Cross-cultural translation and psychometric testing.
To translate, culturally adapt, and validate the Oswestry Disability Index (ODI) version 2.0 for the French-Canadian population.
Many authors have recommended the administration of standardized instruments, rather than the creation of new scales, and advocate the adaptation of validated questionnaires in other languages. The application of these scales in different countries and by cultural groups necessitates cross-cultural adaptation. Many scales evaluate the functional incapacity resulting from low back pain. The ODI is among the most commonly used for this purpose.
The French-Canadian ODI (ODI-FC) was developed by cross-cultural adaptation following internationally recommended methodology: forward translation, back translation, expert committee revision, and clinical evaluation of the prefinal version. Psychometric testing was performed on 72 patients with chronic low back pain. The subjects were recruited from a physiatry department in a university hospital and from a private practice physiatry clinic. They came from the Montreal area. The psychometric testing included internal consistency (Cronbach α), test-retest reliability (intraclass correlation coefficient) with a time interval set at 48 hours, and construct validity, comparing the ODI-FC with the Roland-Morris Disability Questionnaire and the Quebec Back Pain Disability Scale (Pearson correlation coefficient).

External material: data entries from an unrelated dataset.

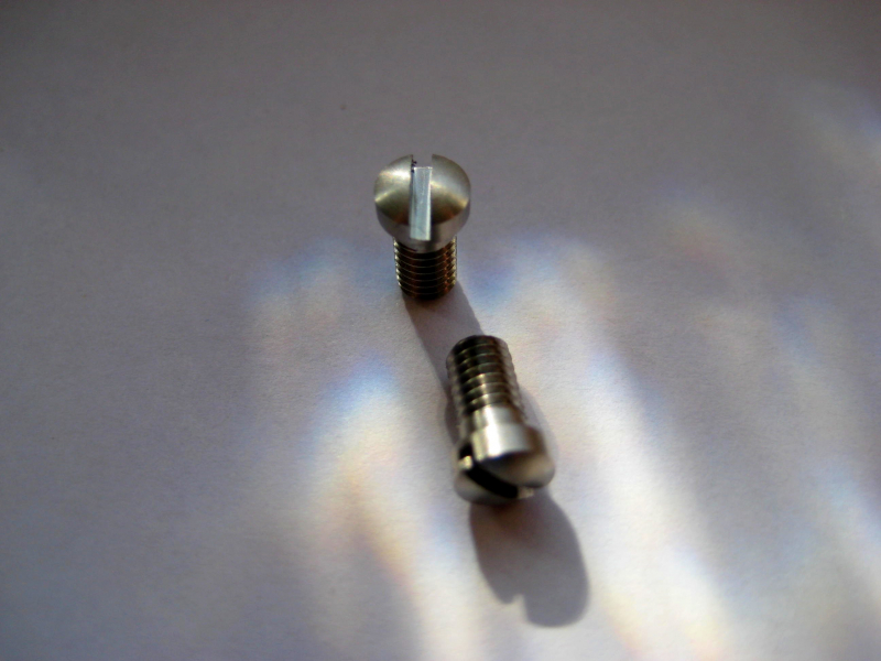 Meist leiden die beiden Schrauben unansehlich am Schraubenkopf beim Aus- und Einbau bzw. Nachspannen der Federkraft auf den Unterhebel. Grund dafür ist, die Schrauben müssen kräftig angezogen werden, um entsprechende Spannkraft über die Federn auf den Unterhebel herzustellen. Dadurch sind oft die Schraubenköpfe vermackt/verbogen oder im schlimmsten Fall an einer Schraubenkopfhälfte abgebrochen. Im original sind in der Regel Schrauben in brünierter Version verbaut. Hier biete ich silberne in Edelstahl zum Kauf an, da diese wesentlich länger Farbe und Finish nach häufigerem Gebrauch an den Schraubenkanten behalten als brünierte.
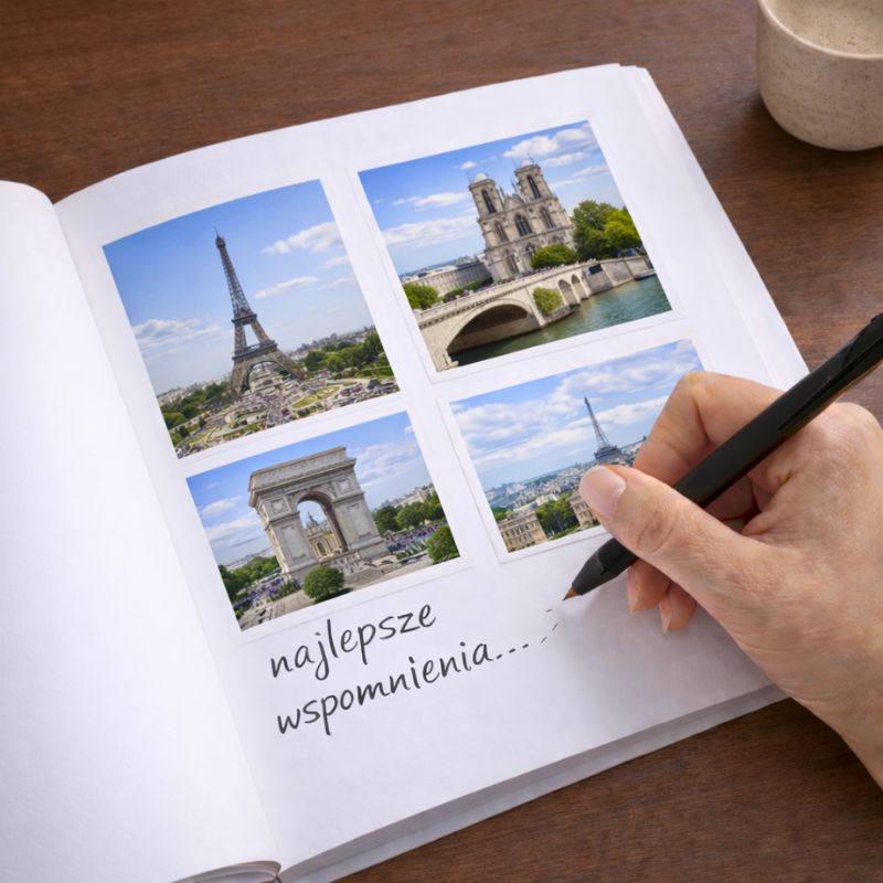 Personalizowany pamiętnik podróży po Francji to idealne miejsce do zapisywania wspomnień, planów zwiedzania, ulubionych miejsc oraz emocji towarzyszących podróży. Doskonale sprawdzi się jako dziennik podróży Francja, notatnik wakacyjny czy album na wspomnienia z wyjazdu do Paryża. To świetny pomysł na prezent dla podróżnika, pary wybierającej się do Francji, jak i dla osoby, która chce mieć wyjątkową pamiątkę z majówki lub wakacji.
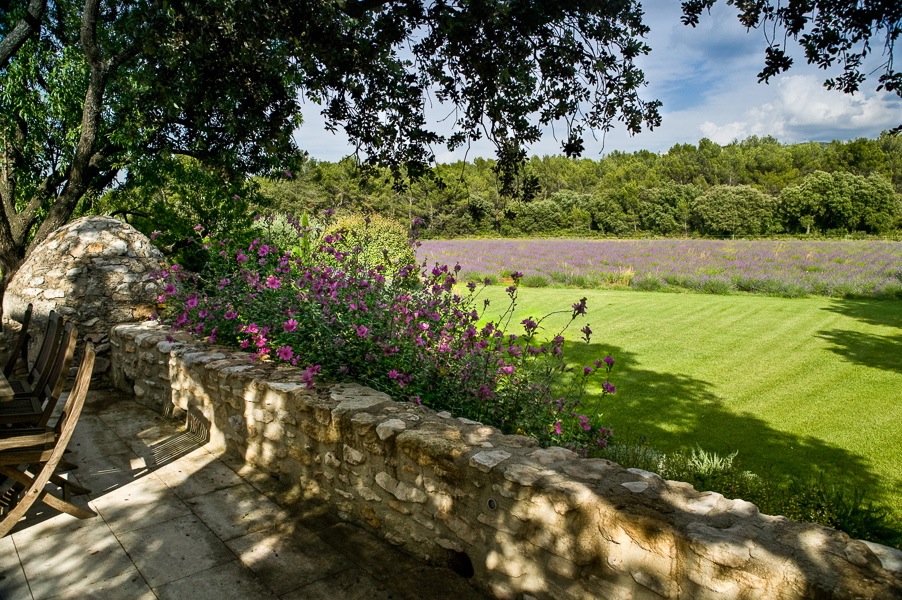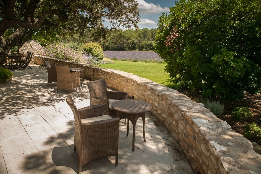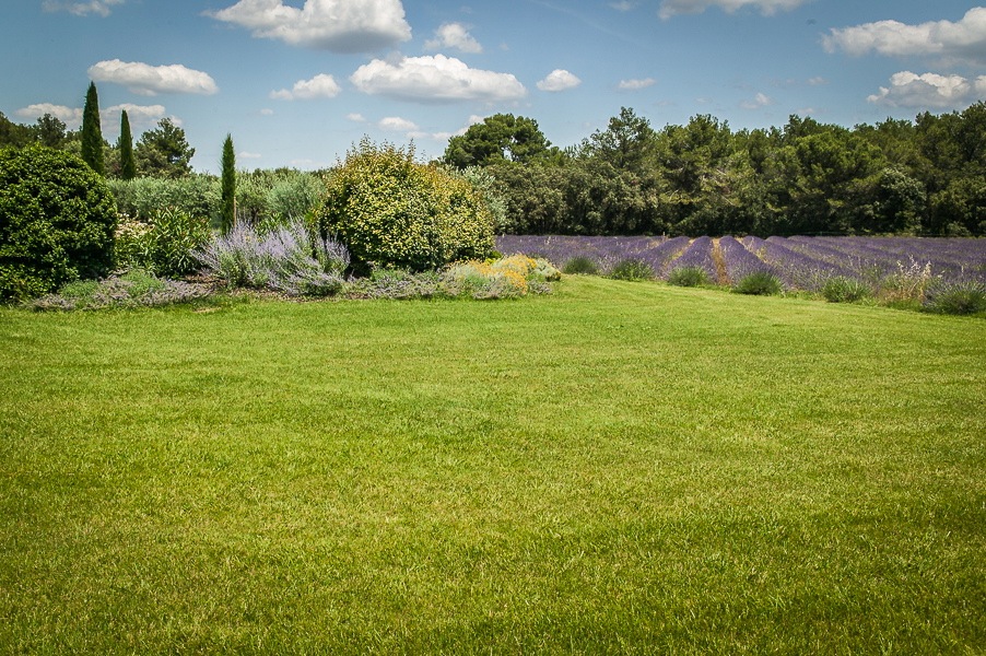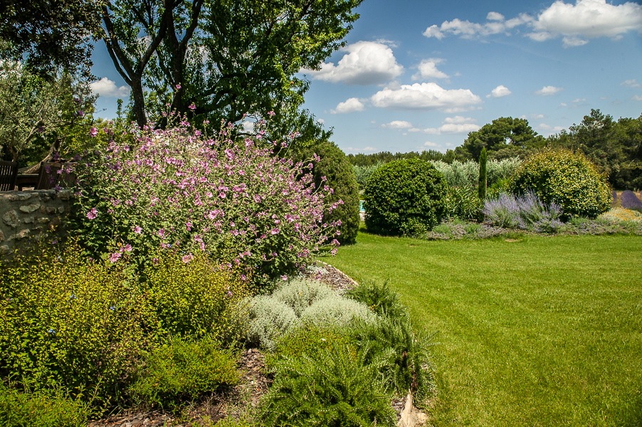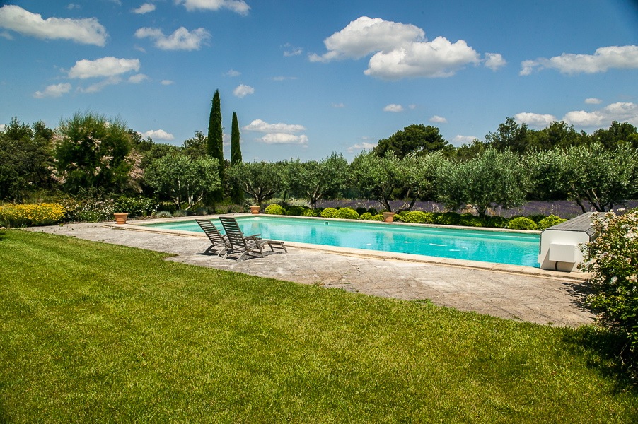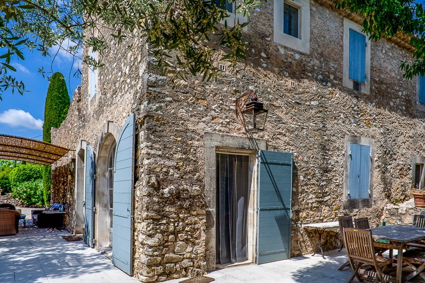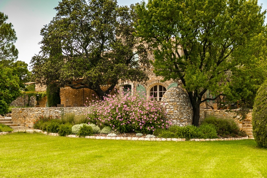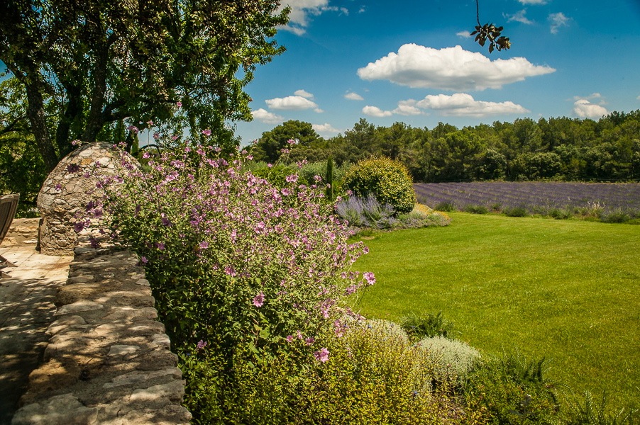 Il a été admirablement restauré et déploie ses façades aux pierres semi-apparentes, baignées de lumière. Le mas étant construit sur un terrain légèrement en pente, une partie est au niveau du jardin une autre en aplomb dudit jardin paysagé fleuri aux essences multiples et à l’abondante végétation, une piscine et son pool house, dont on devine aisément l'immense confort de vie et en fond d'écran, un champ de lavandes jouxtant le champ d'oliviers, aperçu à l'arrivée.

In 44.4% of the subjects, the average duration of low-back pain varied between 1 and 5 years. Average score for the ODI-FC was 29.2. Good internal consistency was found (Cronbach α = 0.88). Reliability was excellent, with intraclass correlation coefficient = 0.92 (95% confidence interval, 0.87-0.95). Construct validity results revealed excellent correlations between the ODI and the Quebec Back Pain Disability Scale (r = 0.90) and between the ODI and the Roland-Morris Disability Questionnaire (r = 0.84).
Cross-cultural translation and adaptation of the ODI-FC were successful. Psychometric testing determined that the instrument was homogeneous, reliable, and valid. It could be employed in future clinical trials in Canada and possibly in other French-speaking countries.